Item 2.03 Creation of a Direct Financial Obligation or an Obligation under an
Off-Balance Sheet Arrangement of a Registrant.
As previously disclosed, Syros Pharmaceuticals, Inc. (the "Company") is party to
a Loan and Security Agreement (the "Loan Agreement"), dated February 12, 2020
(the "Closing Date"), by and among the Company and Oxford Finance LLC, in its
capacity as lender (in such capacity, the "Lender"), and in its capacity as
collateral agent, pursuant to which a term loan of up to an aggregate principal
amount of $60.0 million was made available to the Company. Pursuant to the Loan
Agreement, a $20.0 million term loan was previously funded on the Closing Date,
leaving two additional term loan advances of $20.0 million each available under
the Loan Agreement after the Closing Date.

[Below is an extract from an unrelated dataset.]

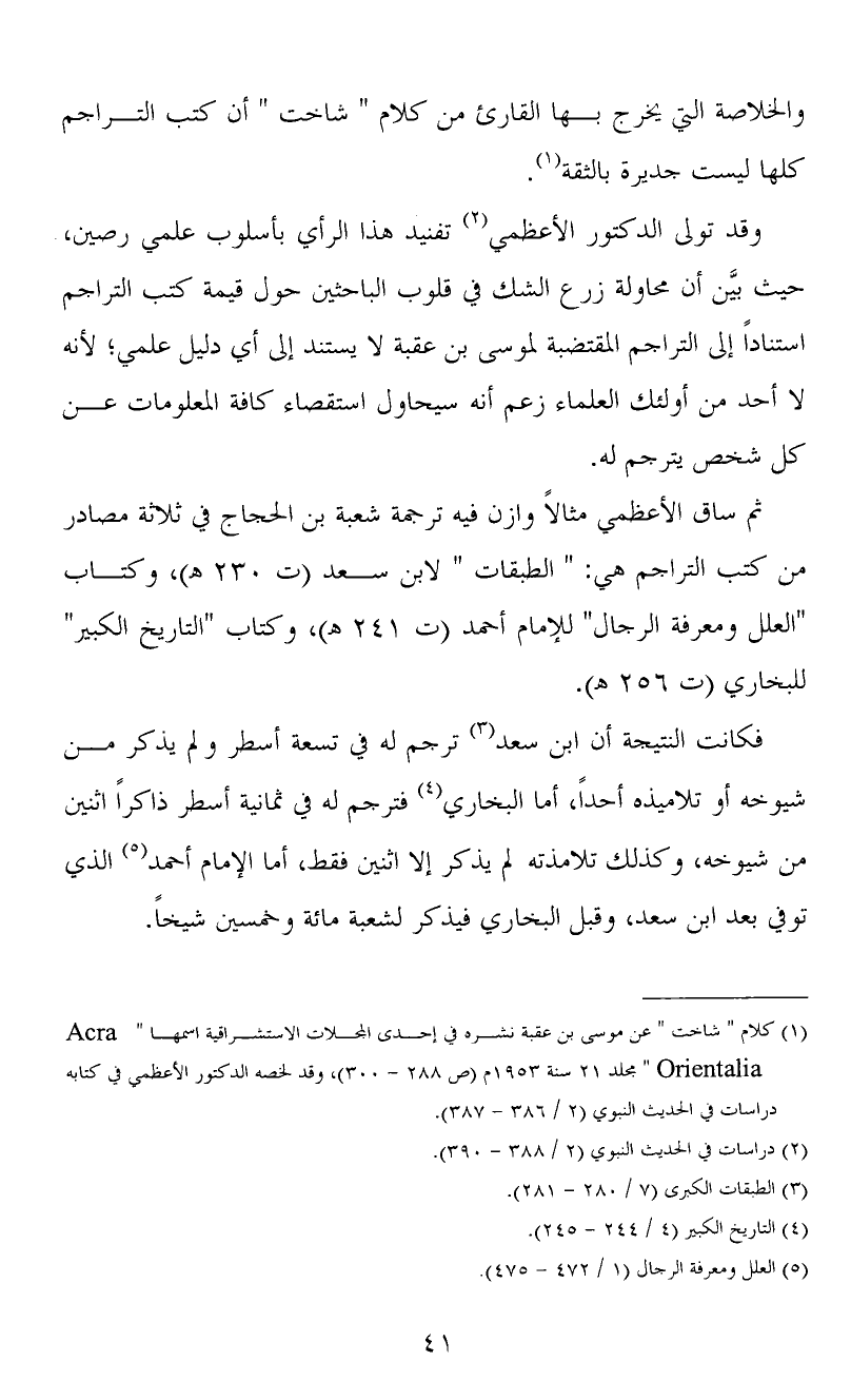 (1) كلام " شاخت " عن موسى بن عقبة نشره في إحدى المجلات الاستشراقية اسمها "Acra Orientalia" مجلد 21 سنة 1953م (ص 288 - 300) ، وقد لخصه الدكتور الأعظمي في كتابه دراسات في الحديث النبوي (2 / 386 - 387) .
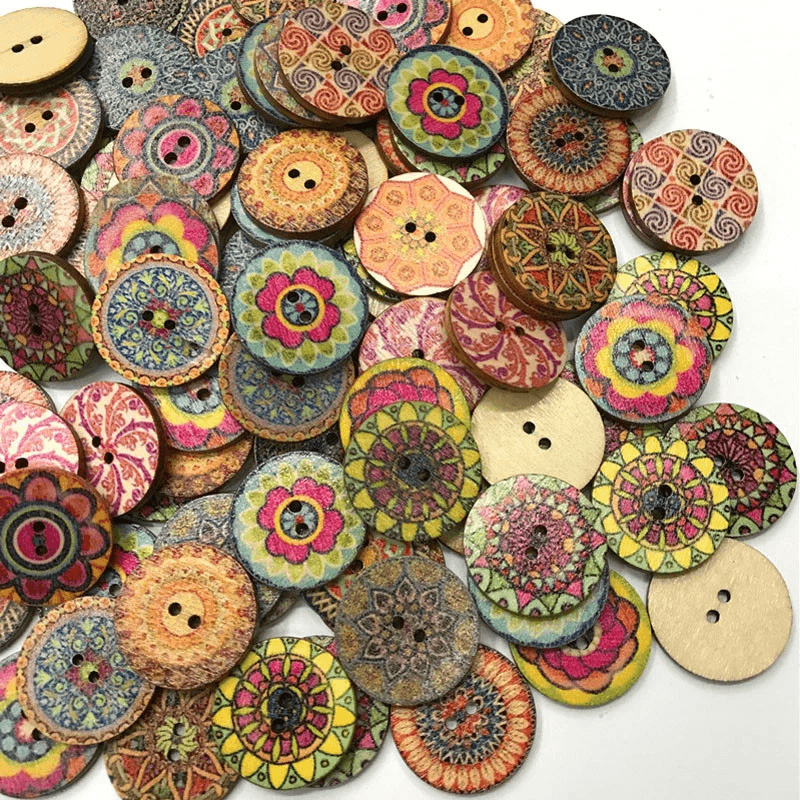 Mixed Boho Flower Wooden Button, DIY Craft Sewing Scrapbooking 25mm

On December 23, 2020, the Company elected to draw down the second $20.0 million
term loan advance under the Loan Agreement (the "Term B Loan"). Immediately
following this $20.0 million drawdown, $20.0 million of borrowing capacity
remained available under the Loan Agreement, subject to the terms and conditions
set forth therein.
In addition, in connection with the Term B Loan, the Company issued the Lender
warrants to purchase 17,389 shares of the Company's common stock at an exercise
price per share of $11.50 (the "Warrants"). The Warrants will be exercisable for
5 years from the date of issuance.
The foregoing description of the Loan Agreement is qualified in its entirety by
reference to the full text of the Loan Agreement which was filed as Exhibit 10.1
to the Current Report on Form 8-K filed by the Company on February 13, 2020.